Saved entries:
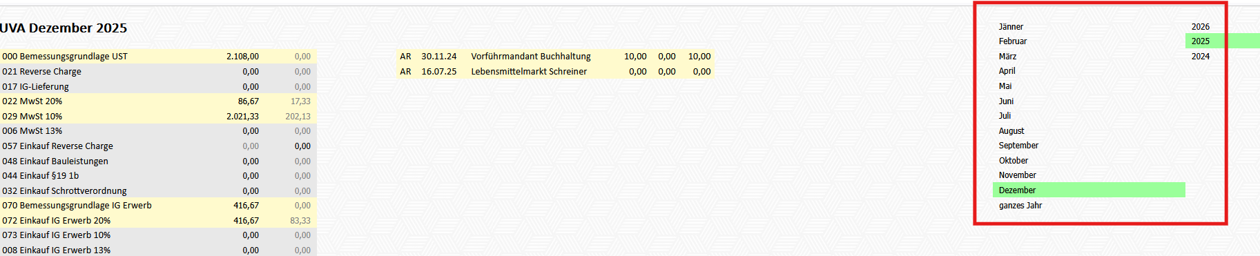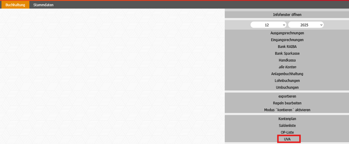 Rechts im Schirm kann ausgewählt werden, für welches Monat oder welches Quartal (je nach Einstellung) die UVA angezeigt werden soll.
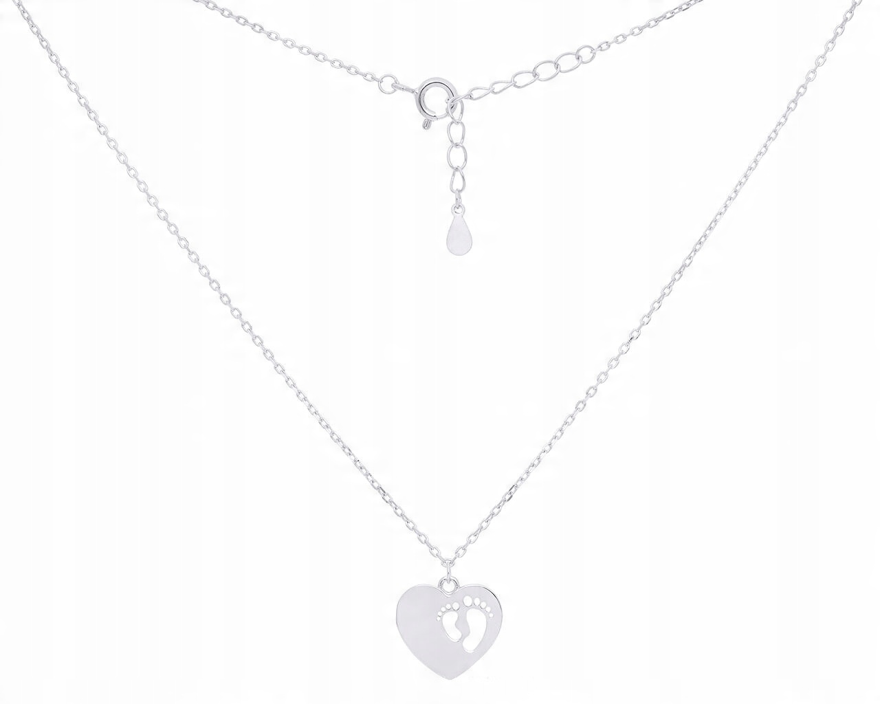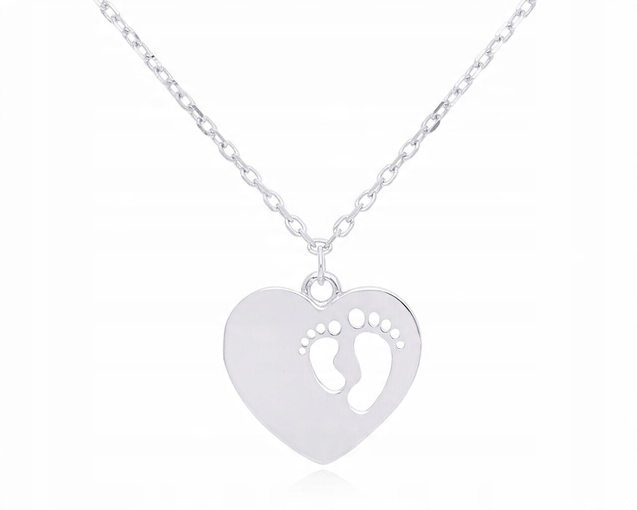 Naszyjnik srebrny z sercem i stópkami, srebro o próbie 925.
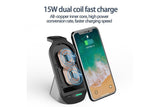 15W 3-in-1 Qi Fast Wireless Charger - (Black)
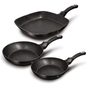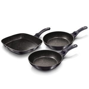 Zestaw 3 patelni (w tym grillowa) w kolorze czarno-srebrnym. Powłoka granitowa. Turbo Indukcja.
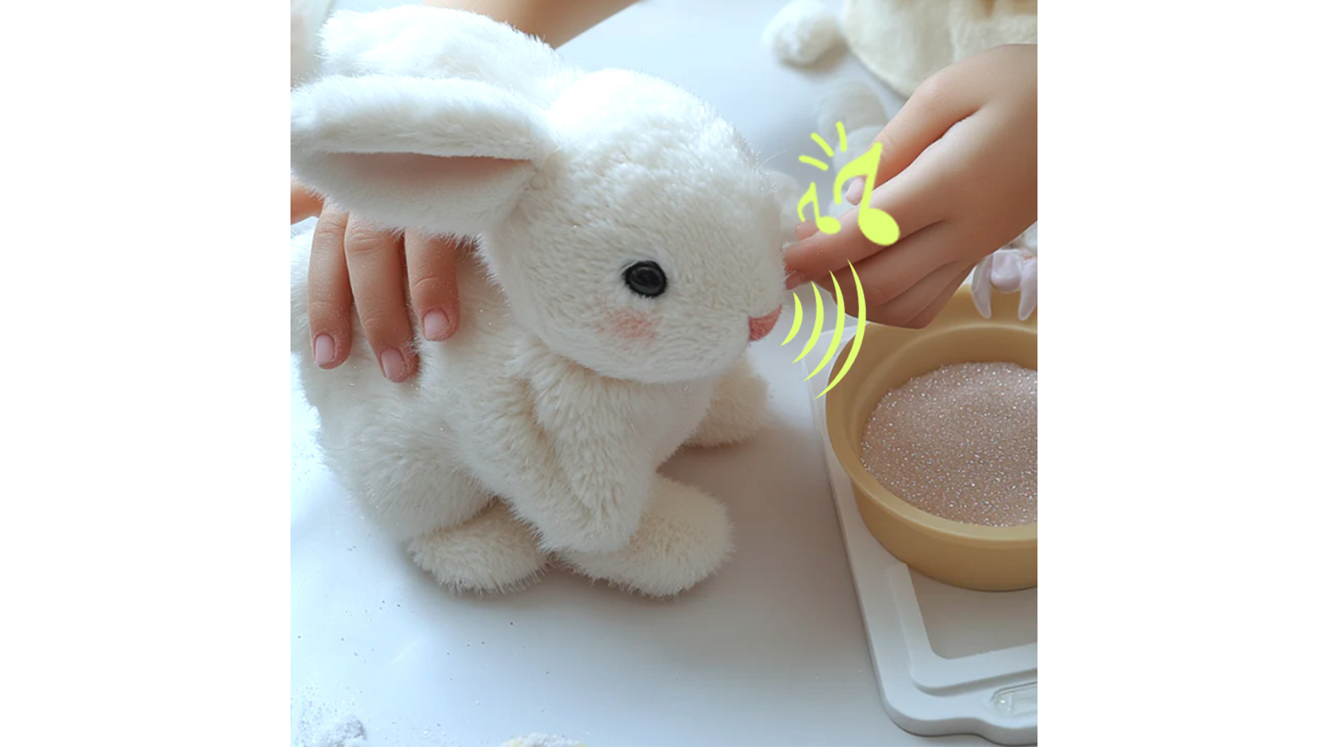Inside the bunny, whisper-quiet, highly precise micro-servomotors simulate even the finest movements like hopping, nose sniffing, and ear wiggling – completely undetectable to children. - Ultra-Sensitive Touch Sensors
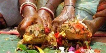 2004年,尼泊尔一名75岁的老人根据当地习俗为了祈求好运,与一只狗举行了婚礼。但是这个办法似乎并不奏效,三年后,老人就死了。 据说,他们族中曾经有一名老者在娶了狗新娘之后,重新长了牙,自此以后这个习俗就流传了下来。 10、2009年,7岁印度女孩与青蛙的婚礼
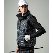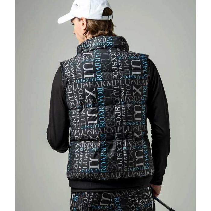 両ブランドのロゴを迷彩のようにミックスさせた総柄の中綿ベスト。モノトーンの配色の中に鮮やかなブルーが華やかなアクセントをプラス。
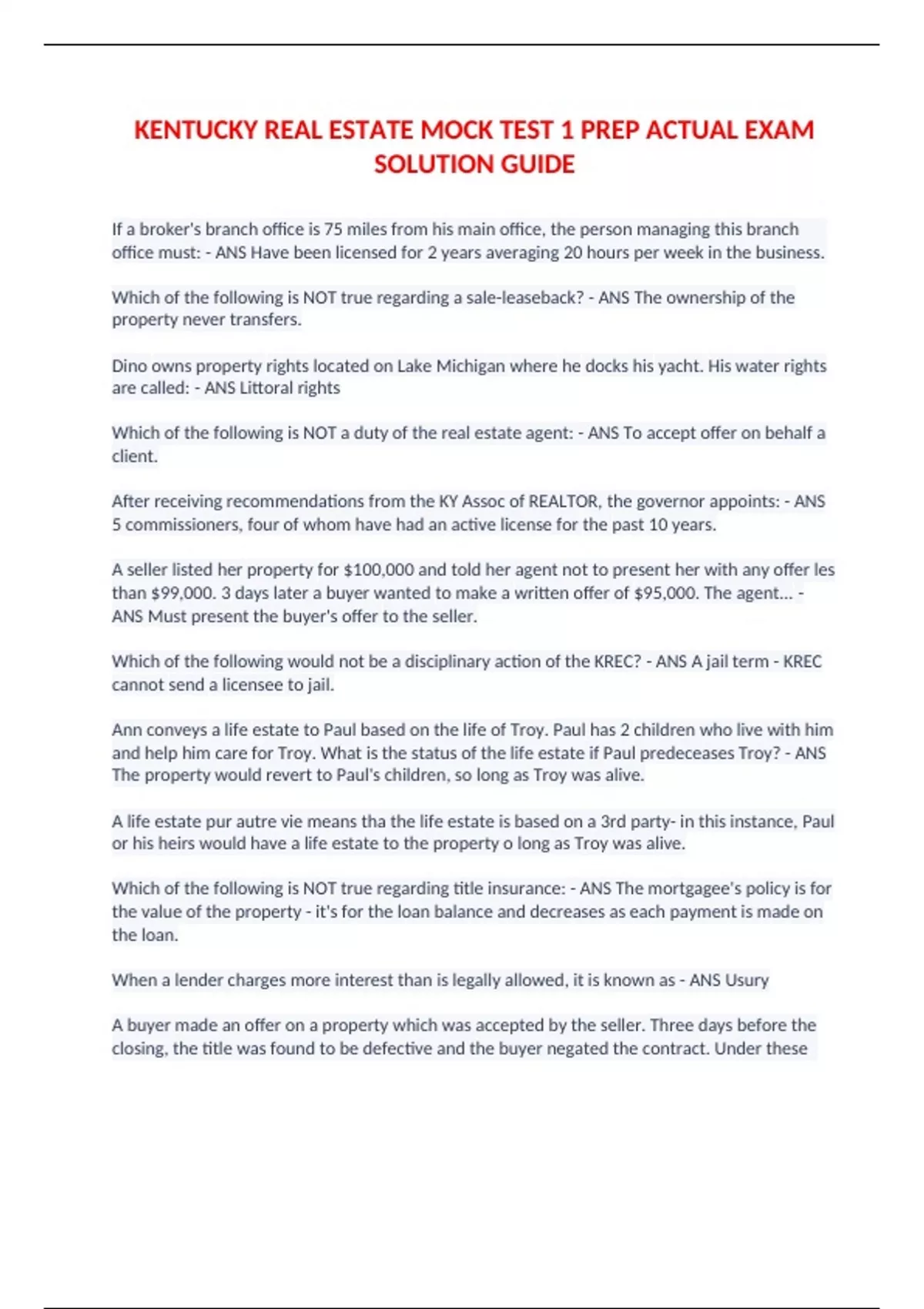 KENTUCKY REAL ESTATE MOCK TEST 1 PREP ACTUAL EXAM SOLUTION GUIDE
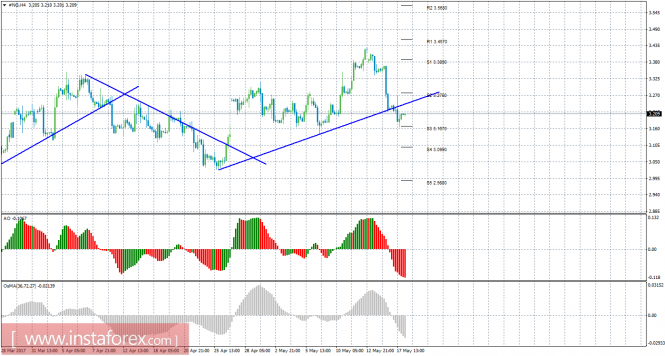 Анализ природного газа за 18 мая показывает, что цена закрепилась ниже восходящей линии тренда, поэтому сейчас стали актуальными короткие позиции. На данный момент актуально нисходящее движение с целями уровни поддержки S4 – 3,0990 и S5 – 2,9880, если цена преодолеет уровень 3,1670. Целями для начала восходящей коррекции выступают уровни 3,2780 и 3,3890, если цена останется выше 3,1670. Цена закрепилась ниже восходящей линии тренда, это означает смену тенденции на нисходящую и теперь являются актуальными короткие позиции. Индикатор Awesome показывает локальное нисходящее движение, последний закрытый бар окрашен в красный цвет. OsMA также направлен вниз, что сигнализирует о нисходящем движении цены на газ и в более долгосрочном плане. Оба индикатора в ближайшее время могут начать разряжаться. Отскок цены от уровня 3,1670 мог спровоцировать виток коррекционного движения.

EXERCISE:
Using the records above, repeat exactly the run of lines that starts with the line with "15W 3-in-1 Qi" and goes on through the line with "KENTUCKY REAL ESTATE"; omit each picture.

ANSWER TO THIS PROBLEM:
 15W 3-in-1 Qi Fast Wireless Charger - (Black)
 Zestaw 3 patelni (w tym grillowa) w kolorze czarno-srebrnym. Powłoka granitowa. Turbo Indukcja.
Inside the bunny, whisper-quiet, highly precise micro-servomotors simulate even the finest movements like hopping, nose sniffing, and ear wiggling – completely undetectable to children. - Ultra-Sensitive Touch Sensors
 2004年,尼泊尔一名75岁的老人根据当地习俗为了祈求好运,与一只狗举行了婚礼。但是这个办法似乎并不奏效,三年后,老人就死了。 据说,他们族中曾经有一名老者在娶了狗新娘之后,重新长了牙,自此以后这个习俗就流传了下来。 10、2009年,7岁印度女孩与青蛙的婚礼
 両ブランドのロゴを迷彩のようにミックスさせた総柄の中綿ベスト。モノトーンの配色の中に鮮やかなブルーが華やかなアクセントをプラス。
 KENTUCKY REAL ESTATE MOCK TEST 1 PREP ACTUAL EXAM SOLUTION GUIDE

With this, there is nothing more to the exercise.